This was not the holding in Wood et. al. v. Moss et. al., which can be read in
its entirety here:
[http://www.supremecourt.gov/opinions/13pdf/13-115_gdil.pdf](http://www.supremecourt.gov/opinions/13pdf/13-115_gdil.pdf)

You can listen to the arguments here:
[http://www.oyez.org/cases/2010-2019/2013/2013_13_115](http://www.oyez.org/cases/2010-2019/2013/2013_13_115)

It's not quite the easy political speech suppression case some newspapers made
it out to be.

There were a series of factors that complicated the decision--including
questions of deference to officers making snap judgments, whether or not there
is any right to bring a case in this instance, and the level of threat posed
by the protestors.
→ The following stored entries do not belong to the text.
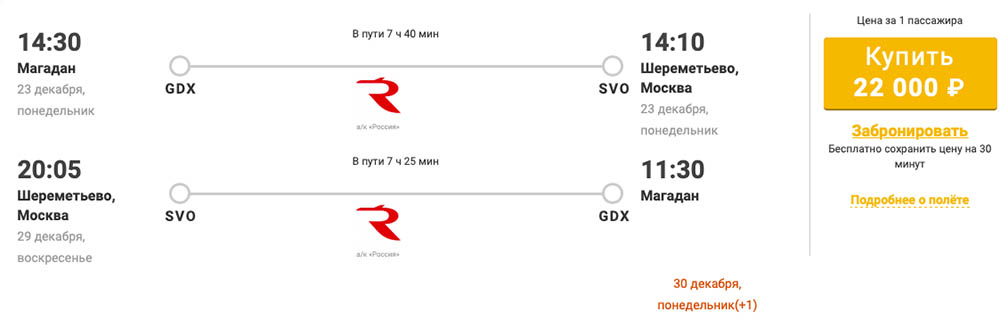 Билеты по «плоским» тарифам от «России» ещё можно приобрести туда-обратно с 23 по 29 декабря за 22 000 рублей:
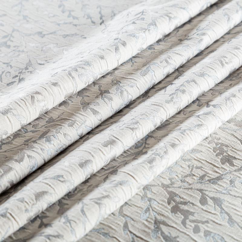 Стильная жаккардовая ткань светло-серого оттенка с великолепным растительным дизайном из коллекции Фабио известного бренда Fryett's. Ткань высокой плотности, имеет фактурную поверхность и сдержанный сатиновый блеск, прекрасно держит форму. Ткани этой коллекции прекрасно впишутся в традиционный и современный интерьер в качестве римской или классической шторы, подушек, обивки мебели.
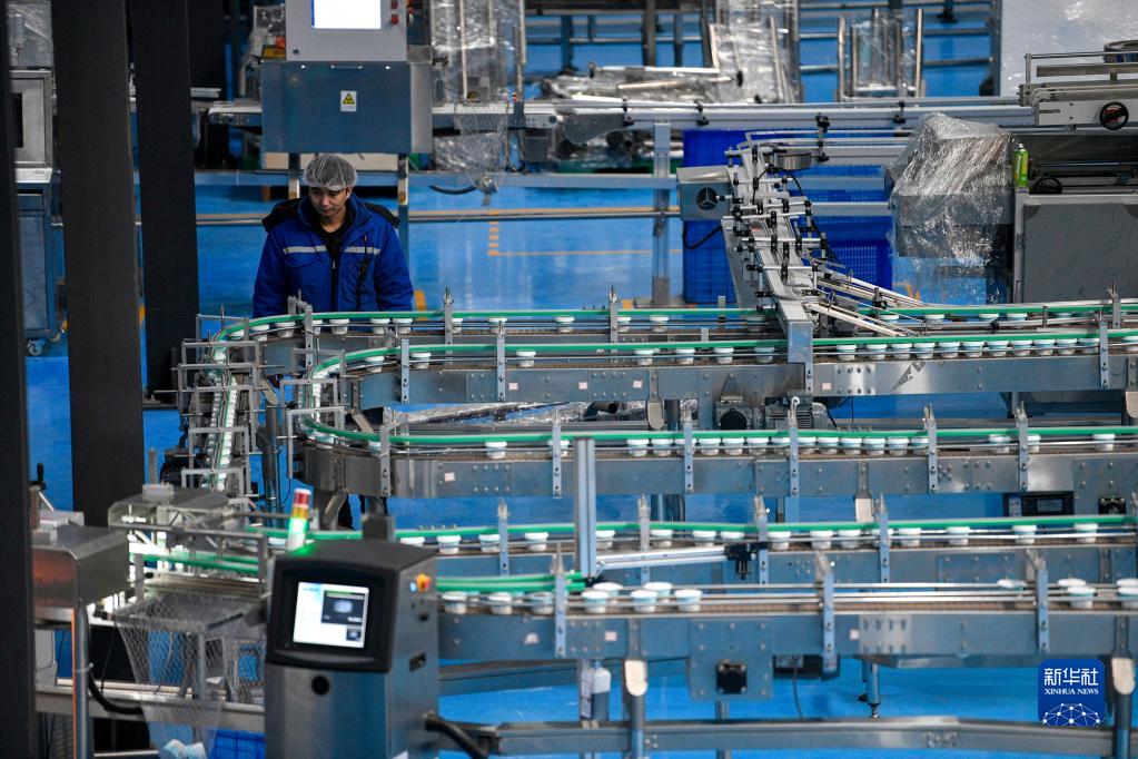 2月28日,在丰宁县一家乳制品生产企业包装车间,工人在生产线上忙碌。

Any of the individual factors are arguable, but note that
there are so many complications that it led to a unanimous decision. That's an
unlikely occurrence without some strong reasoning driving the disparate
members of the court. If you disagree with a unanimous court, then its worth
closely reading and trying to understand how they all came to that conclusion.
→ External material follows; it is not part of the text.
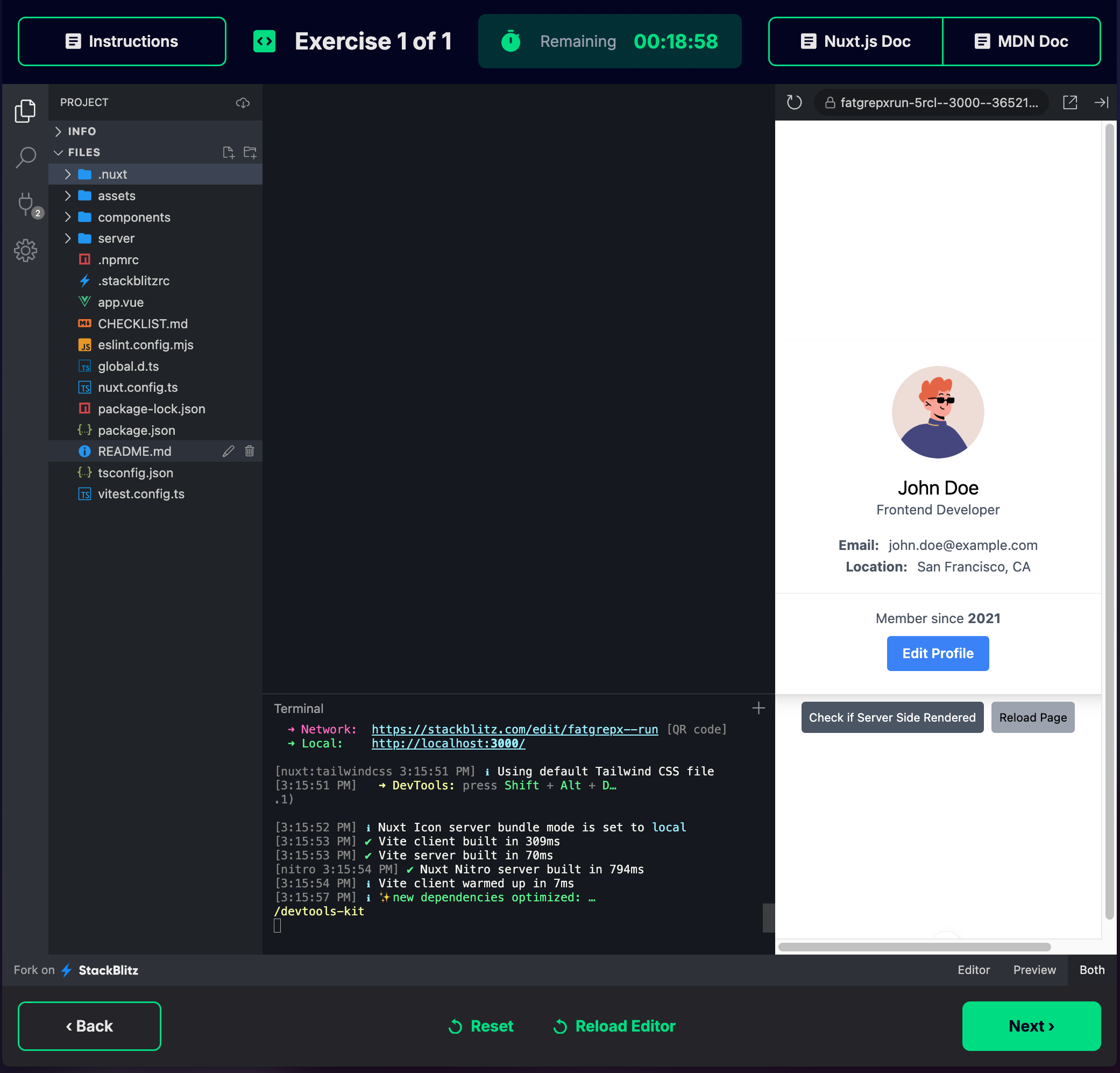 In this section, you will be working in our in-house code editor (or Stackblitz) and you can use the devtools to inspect elements or check the network tab. You also have a side panel with official Nuxt and MDN docs (since you’re not allowed to open a new tab yourself).

The foundation of the decision leans heavily upon a long history of fourth
amendment findings and a preference for objective standards in law enforcement
decisions, but that's incredibly difficult to summarize. My best
recommendation for the curious is to read through the leading cases on fourth
amendment law over the last century to build an appreciation for this style of
jurisprudence over officers of the law. (I know that's an obnoxiously
inefficient recommendation, I'm not smart enough / haven't thought hard enough
to come up with a more efficient way to get a curious reader up to speed, and
apologize for that...)

If you want a "gotcha" moment that makes the case (probably too) simple, note
that Wilker, arguing for the petitioner, at one point replies to Justice
Breyer that his case is about agents that have 100% viewpoint motivations and
0% security motivations. Later, in response to a question from Justice Kagan,
he admits that a reasonable security officer could have made these decisions
motivated purely by security considerations alone. (Compare 33:30 with 37:30
in the oral arguments.)

There are a dozen factors that led to the decision, but if you want to reduce
to one moment where the petitioner most likely lost the case, that might be
it.

------
gryph0n
The law was disportionately used to protect 'offended' politicians (Central &
State) in power.

Good riddance. Imagine getting arrested for liking a post on Facebook !!

[http://www.hindustantimes.com/india-news/facebook-trouble-
pe...](http://www.hindustantimes.com/india-news/facebook-trouble-people-
arrested-under-sec-66a-of-it-act/article1-1329883.aspx)

------
msravi
In a landmark judgment upholding freedom of expression, the Supreme Court
today struck down a provision in the law which provides power to arrest a
person for posting allegedly “offensive” content on websites.

------
devnonymous
Pasting another link over here that breaks it down for non-Indians :
[http://www.medianama.com/2015/03/223-section-66a-unconstritu...](http://www.medianama.com/2015/03/223-section-66a-unconstritutional/)
(this was actually submitted as
[https://news.ycombinator.com/item?id=9255170](https://news.ycombinator.com/item?id=9255170)
)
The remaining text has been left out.